Razib makes a good point in his response to the ScienceBlogs question: "What makes a good teacher?" I think he could make the #1 reason more inclusive by modifying it to say: "A semester's worth of psychometrics, covering individual differences in intelligence and personality." So, even if you have to teach students who aren't bright nor highly conscientious, you know how to relate to them, exploit whatever motivations / interests they have, etc.
The only two popular takes on students who are bettered by awesome teachers are: 1) the elite prep school group Razib mentioned, bright & enthusiastic, for whom the gardener-teacher supplies the necessary extrinsic stimulation to allow the full flowering of their minds (Dead Poets Society); and 2) children of tragedy, whom the alchemist-teacher transforms from would-be dead-enders to knowledgeable captains of their own ship (Dangerous Minds).
In reality, most students are bored to tears by school, since most of it is geared to promising students (i.e., bright & enthusiastic). The average or below-avg students get frustrated b/c the material is over their head -- often ridiculously so w/ Constructivist or Socratic methods that require the student to figure out the pattern themselves & then state it explicitly or apply it elsewhere. Such progressivists are unaware that they've just administered something like the Ravens test, the most highly g-loaded one out there. Four years worth of such pupil-dilatingly frustrating instruction is enough to turn off anyone. Here in Montgomery County, MD, the current public high school geometry textbook is all but devoid of formulas for the students to memorize or refer back to, w/ only question marks where the budding Einstein should have figured out the formula on their own and stored it in memory -- since writing it down over top of the taunting question mark would not only be destruction of school property, but would forever ruin the self-discovery journey for all future owners of the defaced book.

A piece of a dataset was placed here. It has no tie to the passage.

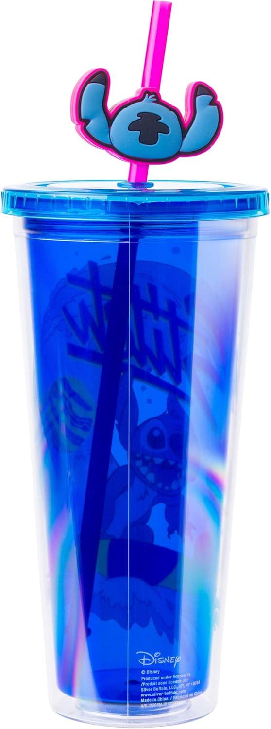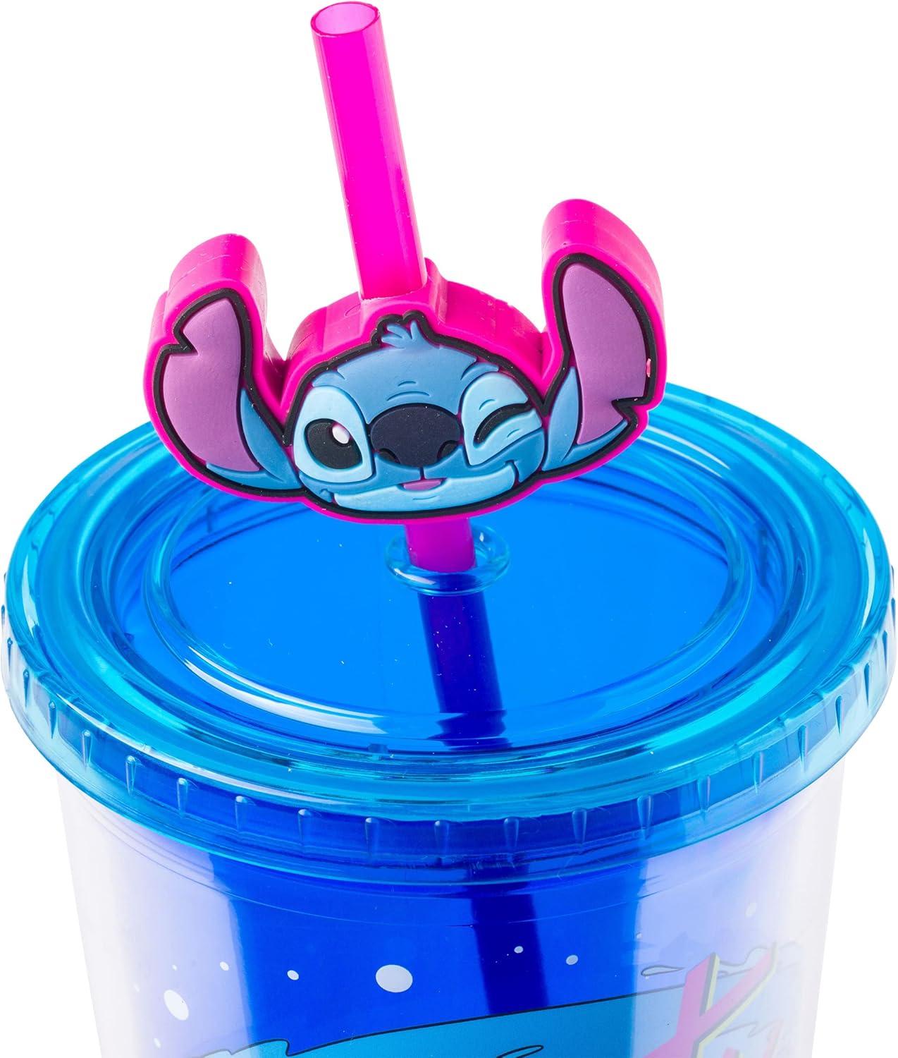imageSilver Buffalo Marvel Avengers SpiderMan Plastic Cold Cup with Lid and Straw Topper 24 OuncesLilo and Stitch Glitter

The same is true of "learning for learning's sake" approaches -- not everyone scores high on Openness to Experience on the "Big Five" personality scale. Pleading -- and then badgering -- Closed students to explore the abstract beauty of math, rather than giving them practical tools they can use (like calculating rate of increase/decrease of prices), is like struggling to bring out the inner Extrovert from an inveterate Introvert in acting classes.
Kids are not all easily tutorable fledgling conquerors of the fields of life, nor are the remainder mere lumps of clay awaiting transformation by the teacher's Abracadabras and waves of the hand. Most students can sense who the idealistic teachers are, and they eat them for fucking breakfast. While not as Oscar-level inspirational as other methods, I prefer to relate to kids on their own level -- occasionally that means playing the gardener-teacher role to a promising student, but more often that means breaking the awful truth to them that life isn't fair, that there are some things you have to learn in order to function as a job-holding adult, and that large parts of formal schooling should just be viewed as their day job that they tolerate until they get to do what they really want. And for most of them, these visions of the future don't include more academics -- quite the opposite.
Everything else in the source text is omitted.